The department resumed its reports with tests taken in 2020-2021, even though CCSD, which represents close to two-thirds of Nevada’s schoolchildren, was largely still conducting its classes online. According to state data, about 60% of CCSD students whose test scores count toward state accountability metrics — students in grades 3-8 and 11 — tested in 2020-21, compared to at least 95% last year and in 2018-2019.

Compared to 2018-19, CCSD students are between 2.5 percentage points behind their high school language arts proficiency and 10.2 percentage points off their elementary math proficiency, with other results falling in between.

CCSD vs. the state

CCSD’s proficiency rates were moderately below the state’s as a whole but comparable to, or better, than most of Nevada’s other school districts.

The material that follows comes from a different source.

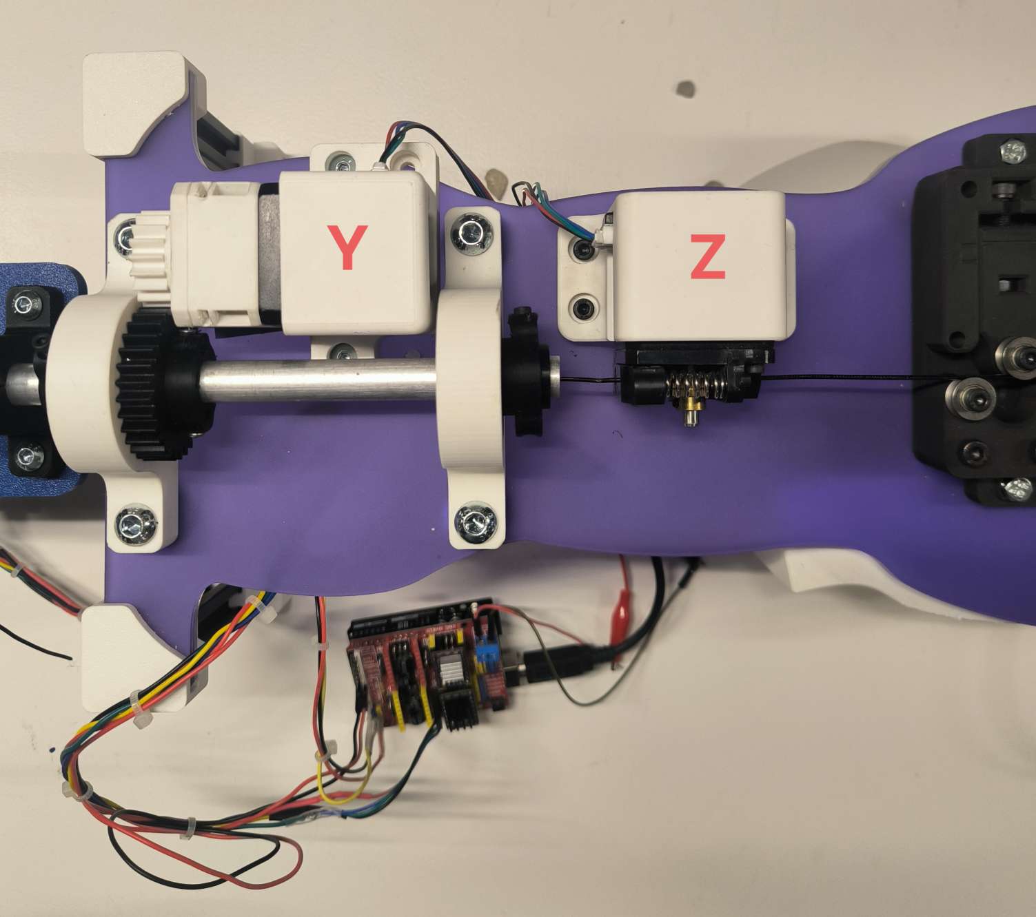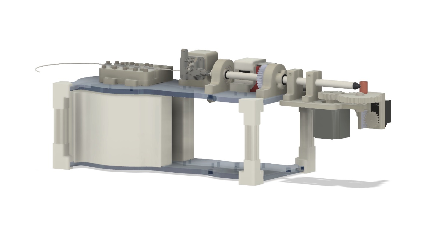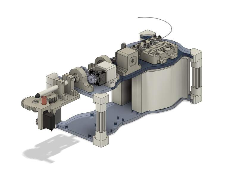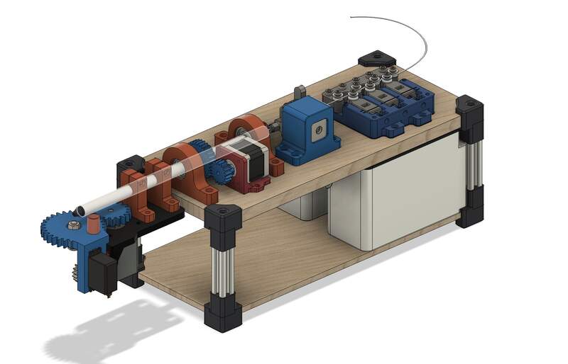 The mechanical design is a heavily modified version of the original design with a number of additions. Several pieces like the straightening assembly and the planetary gear reduction were adapted from pre-existing designs (straightener and planetary gear reducer). Additionally, the extrusion mechanism is produced by Creality and can be sourced here. All fasteners are common metric machine screws and bolts. These fasteners can be sourced at your local hardware store. The aluminum pipe may be tricky to source as it was just scrap laying around the lab. Fits have been adjusted for a well calibrated 3D printer (we used a Bambu Carbon X1).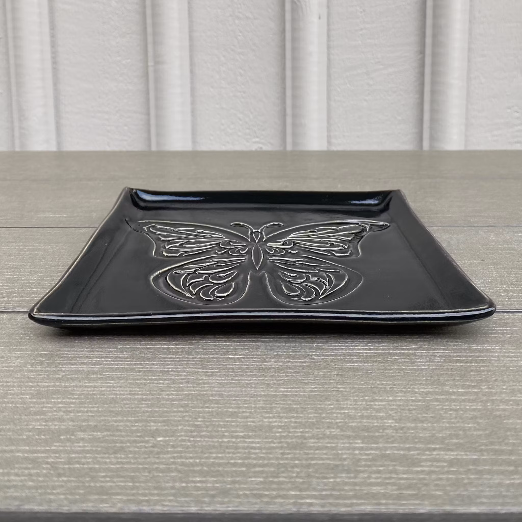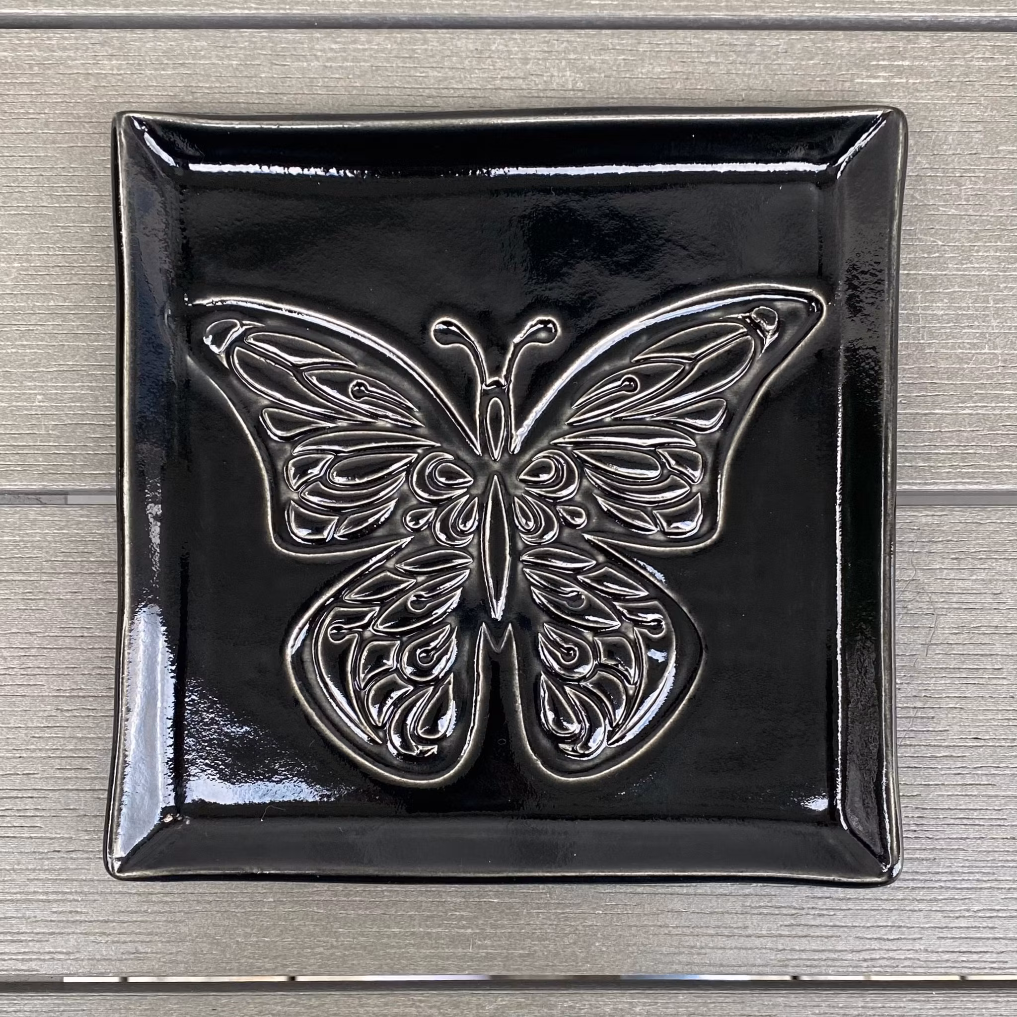 Ett handgjort fyrkantigt fat med svart blank glasyr på vit lera som skapar ett vackert fjärilsmönster. Tillverkad i stengodslera och tål därför ugn, mikrovågsugn och diskmaskin.

Here is how Nevada students performed combined:

• Elementary school English language arts: 44.1% proficient

• Elementary school math: 36%

• Middle school English language arts: 45.1%

• Middle school math: 25.6%

• High school English language arts: 45.7%

• High school math: 21.2%

Among Nevada’s 18 public school districts, including the statewide State Public Charter School Authority, CCSD consistently ranked in the middle of the pack.

The results

Career and technical high schools generally scored well above district and state averages. — for example, Advanced Technologies Academy scored 94.1% proficient in reading and 68.9% in math. The schools with the lowest proficiencies were typically in the urban core.

The top-scoring comprehensive high schools in CCSD were Coronado (69.7% reading, 43.3% math) and Boulder City (74.2% reading, 37.4% math). For middle schools it was Sig Rogich (73.2% reading, 51.2% math) and Bob Miller (68% reading, 46.8% math). And for grade schools it was James and Rae Smalley (80.6% reading, 73.7% math) and Billy and Rosemary Vassiliadis (78.1 reading, 74% math).

Other schools of note include: James Gibson Elementary, which improved by 23.5 percentage points in reading and 22.6 percentage points in math, and the College of Southern Nevada’s three high schools, which are within the public junior college’s campuses and run by CCSD — at the Charleston campus in particular, 92.3% of students were proficient in reading and 73.6% in math.

There were some victories for schools serving low-income, inner-city children. C.C. Ronnow, Lewis Rowe and Stanford elementary schools, where at least three-fourths of the children come from poverty, posted some of the highest year-over-year improvements in reading across the district. Ronnow, in the east valley, posted a gain of roughly 19 percentage points.

“Despite the traumas our students experienced because of the pandemic, they have continued to make gains despite the emotional and mental toll they endured,” said Irene Cepeda, president of the CCSD School Board. “Through it all, our teachers, administrators, and support professionals continued educating our students to facilitate their rebound toward academic success and recovery.”